RE: Comma Characters
The 1000BASE-X protocol is designed to make almost all the commas it emits
be comma+. As you can see from the following passage from 22.214.171.124, the
first idle at the end of a packet restores the disparity to negative and all
following idles end with negative disparity:
The /I1/ordered_set is defined such that the running disparity at the end of
the transmitted /I1/is opposite that of the beginning running disparity. The
/I2/ordered_set is defined such that the running disparity at the end of the
transmitted /I2/is the same as the beginning running disparity. The first
/I/following a packet or Configuration ordered_set restores the current
positive or negative running disparity to a negative value. All subsequent
/I/s are /I2/to ensure negative ending running disparity.

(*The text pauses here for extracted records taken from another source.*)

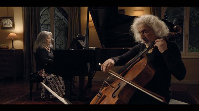 Es un concierto de música de cámara sin público que Martha Argerich ofrece, en su casa de Ginebra, con su pareja de hace mucho tiempo, la violonchelista Mischa Maisky. Es casi un ensayo, mostrando a los dos artistas tratando de sincronizarse con el primer acorde de Variaciones sobre un tema de La flauta magica, de Beethoven, una de las obras del programa. Es también un puñado de entrevistas breves, silenciosas pero intensas, con estos grandes silencios acompañados de una sonrisa enigmática tan propia del pianista argentino, juvenil, a pesar de los 80 años que celebró el 5 de junio. Están dirigidos por su hija, Annie Dutoit, cuyo padre es el director de orquesta suizo Charles Dutoit.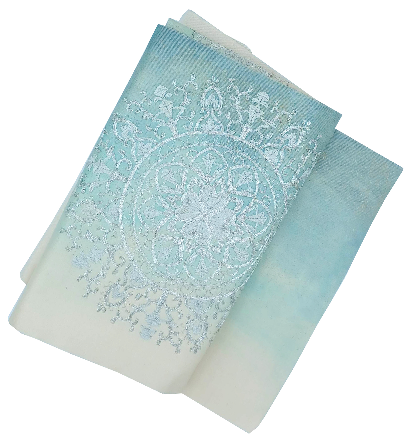 Ice Blue Silver with Hand-Couched Embroidered Mandala Nagoya Obi. Vintage Item. SOLD AS-IS AND WITH ALL FAULTS.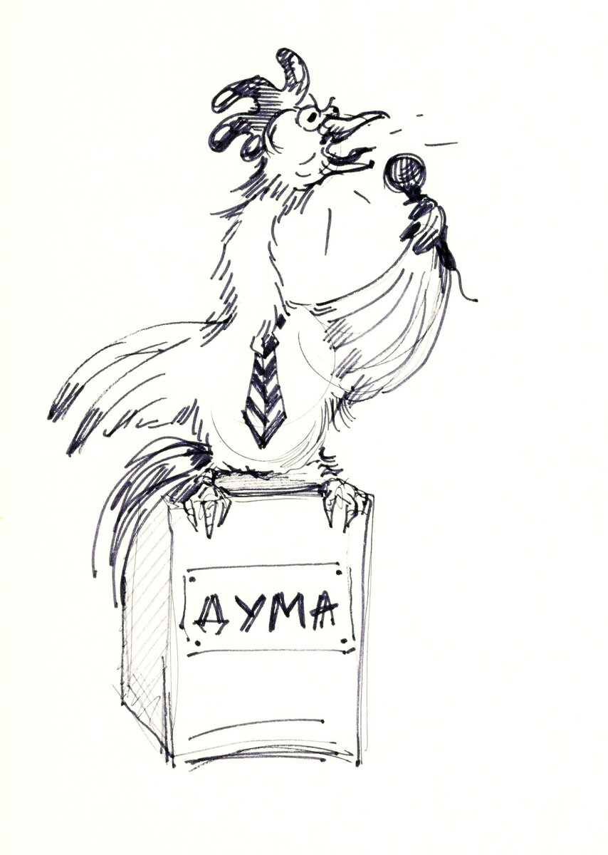 Прослезились звери и выбрали Петуха президентом скотного двора. Вот тут-то и начались настоящие дела. Бараны безропотно стали сдавать шерсть и деньги потекли к дельцу рекой. Однако ему этого было мало. Много денег уходило на задабривание Волков, чтобы они не задирали Овец в рабочее время и выглядели прилично – как-никак президентская охрана. Лизавета Патрикеевна то и дело требовала денег то на новые сапожки, то на платиновые зубы. Да ещё каждой жене подарок купи, да каждого цыплёнка одень, обуй, накорми. Денег катастрофически не хватало. Тогда президент издал указ – монополизировать торговлю молочными продуктами, то есть взял бизнес в свои крылья и всю прибыль направил в свой карман. Коровы было замычали протестующе, но возле каждого стойла стали околачиваться Волки, и они смирились. Бараны ходили по скотному двору ощипанные, тыкались мордами в полупустые кормушки и ждали, когда же наступит счастливая жизнь. А тут новый указ – увеличить экспорт перьев и пуха, и Гуси тут же пошли в расход. За них заступились Индюки и надавали Волкам тумаков. Те вызвали подмогу, и драка затянулась. Зато и денег загрёб Петух вагон. Гусей всё-таки распродали, как и встрявших в не своё дело Индюков. Сложивших головы в драке Волков тоже не забыли – шкуры очень выгодно толкнули в модный меховой салон, мясом расплатились с уцелевшими Серыми, а из бюджета выбили деньги сиротам. Всю прибыль забрал президент, на радостях запил и не просыхал так долго, что Волки успели хорошенько подчистить его заначки – бог велел делиться. Теперь они ходили в золоте, не боясь охотников, и развлекались травлей Собак, которые после нескольких инцидентов забились в свои будки и оттуда глухо рычали. Устав от тихой жизни Волки наехали на Быков, чтобы лишний раз показать, кто на дворе хозяин. После драки они завалились в трактир с отбитыми у Быков Тёлками и пьянствовали до утра, а на рассвете вломились в свинарник и под закуску зарезали нескольких поросят. Свиньи подняли визг и разбудили самого Петуха. Он выслушал обе стороны и издал указ – монополизировать заготовку молочных поросят.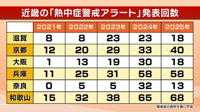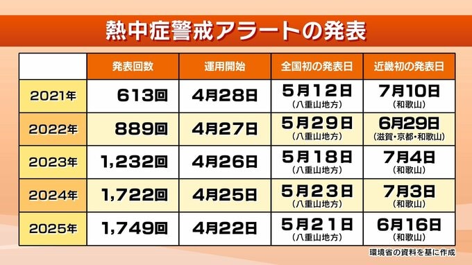 熱中症警戒アラートは2021年に全国で運用が始まり、おもに都府県単位の全国58区域が対象です。これまでの発表回数は、全国で2021年が613回、2022年は889回、2023年は1232回、一昨年は1722回、去年は1749回と、年々回数が増え、去年は2021年と比べると3倍近くまで増えました。
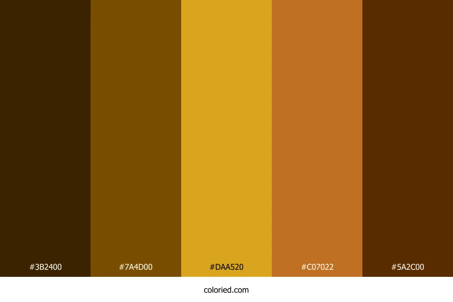 | #7A4D00 | 122, 77, 0 | 38, 100%, 24% | 0%, 37%, 100%, 52% | oklch(0.460 0.099 71) | |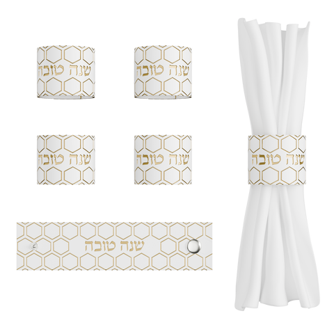 שדרגו את שולחן ראש השנה שלכם עם סט אלגנטי זה של ארבעה טבעות מפיות בצורת חלת דבש . עשויות מעור איכותי ורקומות בעדינות, כל טבעת כוללת טבעת זהב בלעדית חַלַת דְבַשׁ זמין בעיצוב זהב או כסף. מצוידים בסוגר מתכת לסגירה בטוחה, טבעות מפיות אלו משלימות בצורה יפה את עיצוב יום טוב שלכם תוך שמירה על המפיות במקומן בצורה מסודרת. מושלם ליצירת אווירת יום טוב מתוחכמת ומזמינה.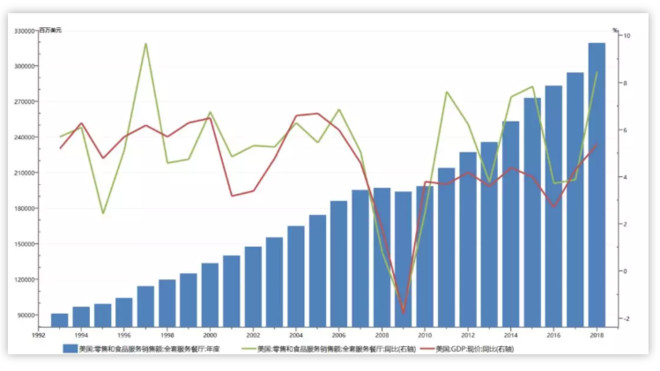 参考美国全服务餐饮行业的发展,我们同样可以发现,即使城镇化程度足够高,但只要岁月静好,限额以上餐饮业的发展基本都是维持平稳增长的态势,基本跟GDP增速同步,甚至在2008年至今的这轮复苏周期中成为大beta。整体看,餐饮业始终是一条足够稳定的赛道。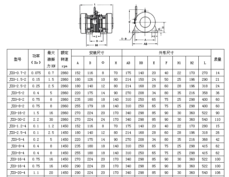 - 產(chǎn)品簡介:JZO振動電機(jī)和很多型號的電機(jī)是通用的,振動電機(jī)的激振力采取的是無極調(diào)節(jié),使用非常方便。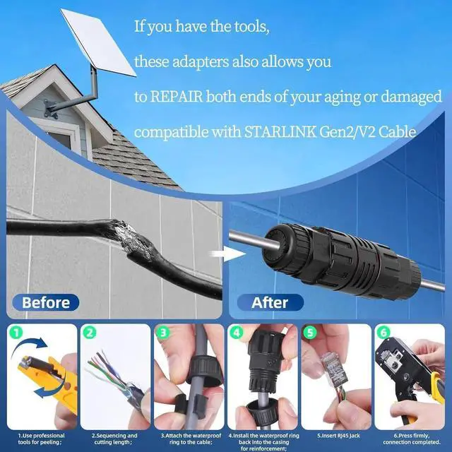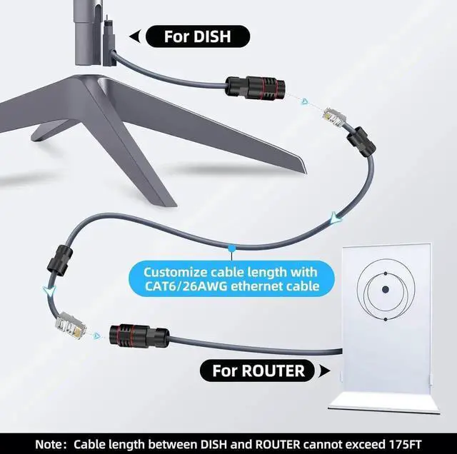 Extend or Repair the Run (Gen 2/V2) Use your own CAT6 26AWG solid copper cable to customize the length between the satellite dish and the router up to 175 ft. With basic tools, these adapters also let you repair both ends of an aging or damaged Gen 2 cable.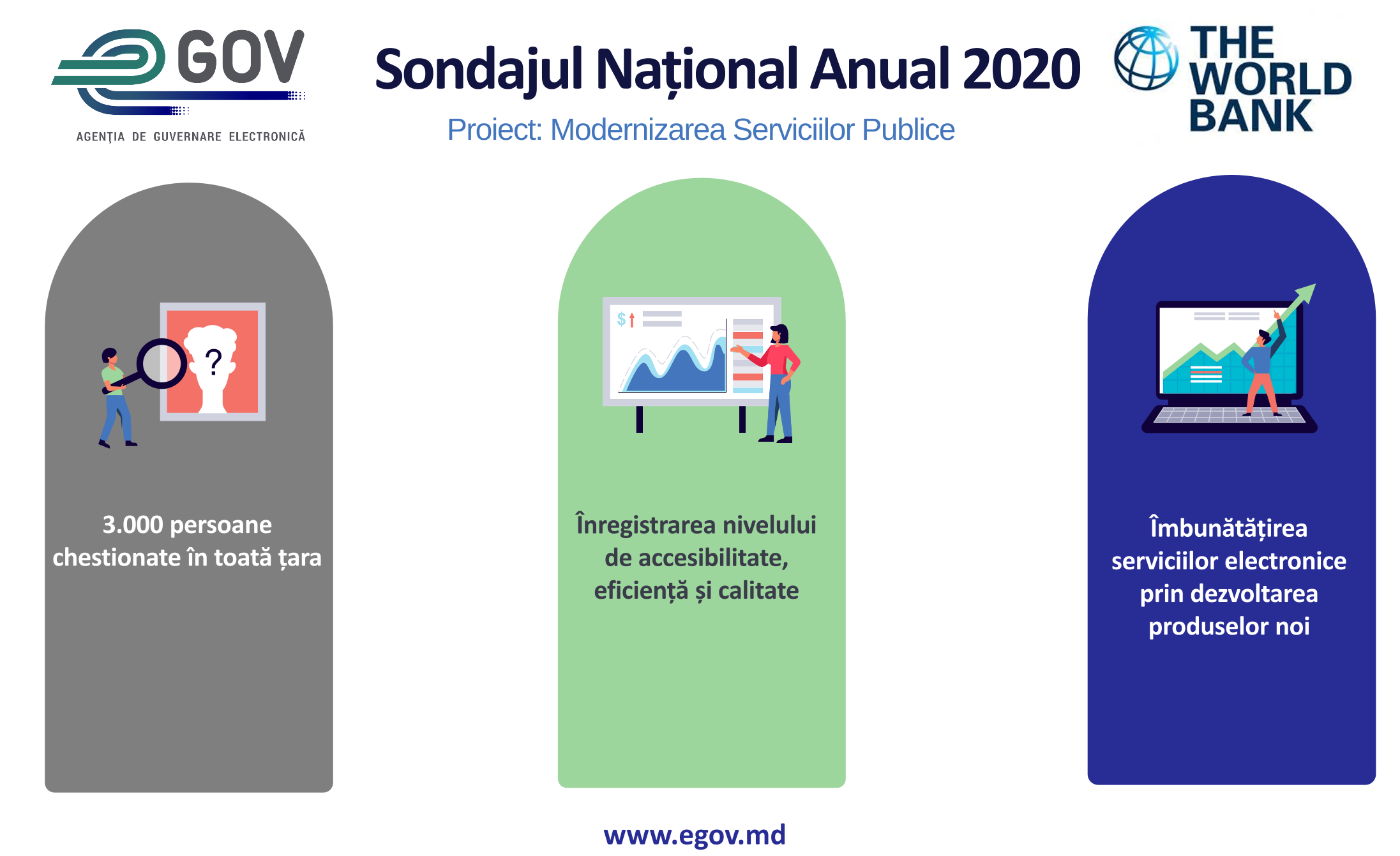 Cercetarea s-a axat pe 3 indicatori cheie ai Proiectului de Modernizare a Serviciilor Publice: accesibilitate, eficiență și calitate și a avut drept scop colectarea datelor privind nivelul de cunoaștere și utilizare de către cetățeni a platformelor guvernamentale electronice, precum și a nivelului de încredere a acestora în serviciile publice prestate în mediul online de către instituțiile statului.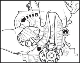 2. Затем надавить на плунжер в направлении стрелки А, после чего провернуть корпус натяжителя в направлении стрелки В, чтобы установить его в исходное положение.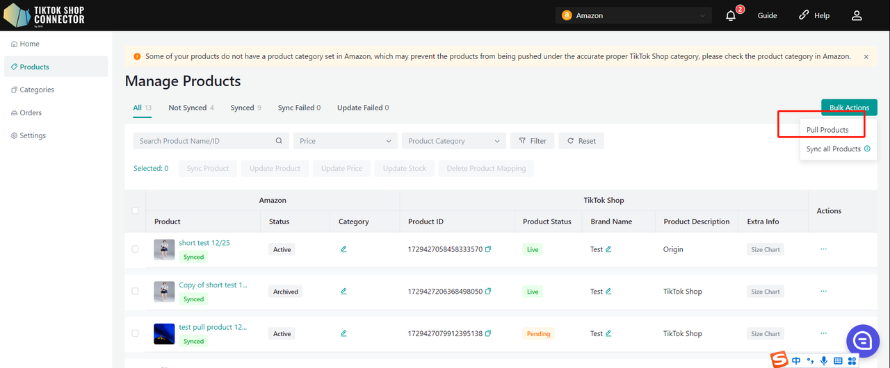 Products tab -> Actions -> Pull Products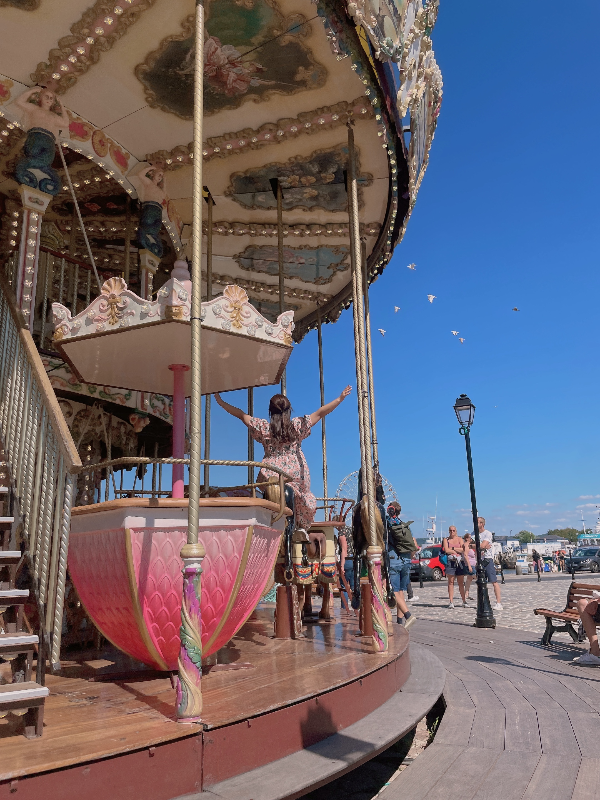날씨도 좋고, 항구에 있는 회전목마가 예뻐서 친구랑 번갈아가면서 한번씩 탔어요.

So, the first K28.5 after a packet may contain comma- or comma+, but all the
rest will be comma-. While sending configuration ordered sets, the K28.5s
will alternate between odd and even but that won't be true during idle.
Since sync is suppose to be able to be reacquired without going into
configuration, a SERDES has to be able to lock on comma+ but isn't
necessarily required to acquire lock on comma-. As 126.96.36.199 states, the
1000BASE-X coding is designed to ensure that comma+ is transmitted with
equivalent or greater frequency than comma-.
When we are sending idles and are between A's and not sending any ordered
sets, our K28.5 disparity will alternate and we will have a 50/50 mix of
comma+ and comma-. Still we are less heavy in comma+ and we should mention
From: Rich Taborek [mailto:rtaborek@xxxxxxxxxxxxx]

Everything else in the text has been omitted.